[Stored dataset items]
▼

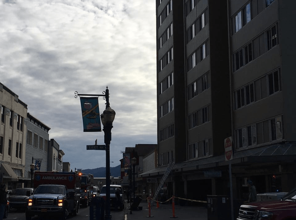 Juneau Police Department spokesman Lt. David Campbell said dispatchers received multiple calls about the incident at the Marine View Center apartment building on the corner of Ferry Way and Franklin Street at 1:09 p.m., but a name, age and medical status of the man who fell was not immediately available.
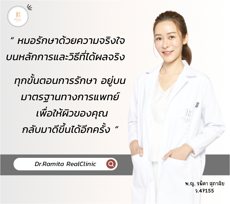 ถ้าคุณกำลังมองหาการรักษาหลุมสิวที่ จริงใจ ปลอดภัย เห็นผลลัพธ์ได้จริง Real Clinic ภายใต้การดูแลของคุณหมอรมิตา พร้อมดูแลคุณในทุกขั้นตอน
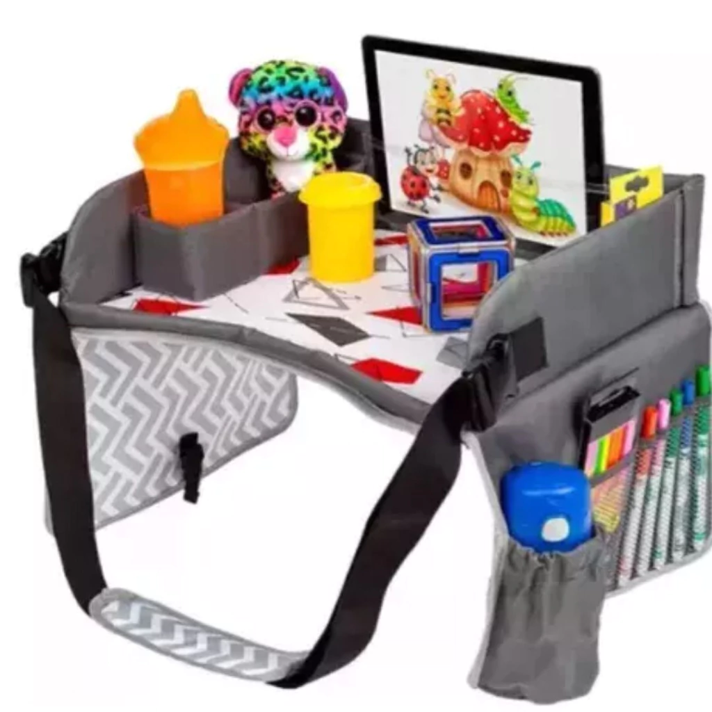 Mesa con base de madera confeccionada con tela impermeable y lavable. Posee dos bolsillos con divisiones en los laterales y una cinta con hebilla regulable. Ideal para que los chicos jueguen o pinten durante el viaje.
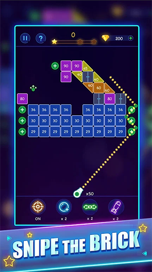 玩法轻松简单,适合用来消磨时光。玩法很简单,滑动来寻找最佳的位置和角度,发射并打碎所有砖块,感兴趣的朋友赶快下载试试吧
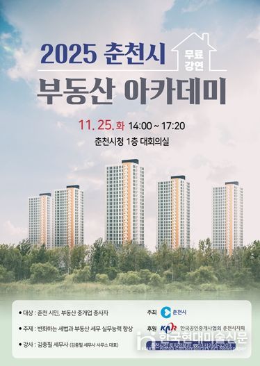 한국현대미술신문 원진 기자 | 춘천시가 초고령화 시대에 접어들며 이슈가 되고 있는 부동산 세무의 핵심을 짚어보는 ‘2025 춘천시 부동산 아카데미’를 연다.
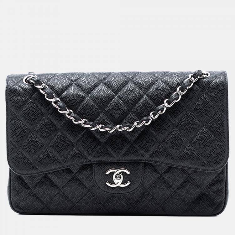 مملوكة مسبقًا حقيبة شانيل جامبو كلاسيك كافيار سوداء بفلايت مزدوجة
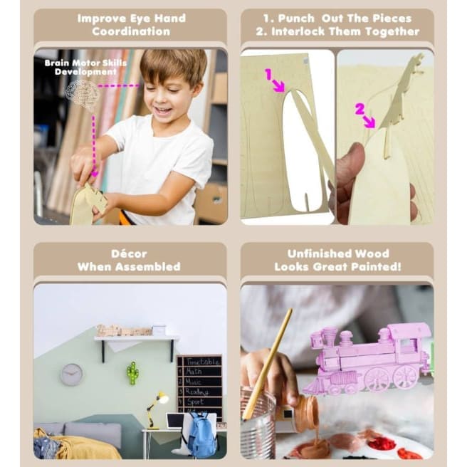 This 233 piece Train wood craft construction kit is a fun & educational DIY 3D puzzle to build & paint or keep in natural wood.

▲

Leave the pictures out and reproduce all of the records exactly.

▶ Answer below
 Juneau Police Department spokesman Lt. David Campbell said dispatchers received multiple calls about the incident at the Marine View Center apartment building on the corner of Ferry Way and Franklin Street at 1:09 p.m., but a name, age and medical status of the man who fell was not immediately available.
 ถ้าคุณกำลังมองหาการรักษาหลุมสิวที่ จริงใจ ปลอดภัย เห็นผลลัพธ์ได้จริง Real Clinic ภายใต้การดูแลของคุณหมอรมิตา พร้อมดูแลคุณในทุกขั้นตอน
 Mesa con base de madera confeccionada con tela impermeable y lavable. Posee dos bolsillos con divisiones en los laterales y una cinta con hebilla regulable. Ideal para que los chicos jueguen o pinten durante el viaje.
 玩法轻松简单,适合用来消磨时光。玩法很简单,滑动来寻找最佳的位置和角度,发射并打碎所有砖块,感兴趣的朋友赶快下载试试吧
 한국현대미술신문 원진 기자 | 춘천시가 초고령화 시대에 접어들며 이슈가 되고 있는 부동산 세무의 핵심을 짚어보는 ‘2025 춘천시 부동산 아카데미’를 연다.
 مملوكة مسبقًا حقيبة شانيل جامبو كلاسيك كافيار سوداء بفلايت مزدوجة
 This 233 piece Train wood craft construction kit is a fun & educational DIY 3D puzzle to build & paint or keep in natural wood.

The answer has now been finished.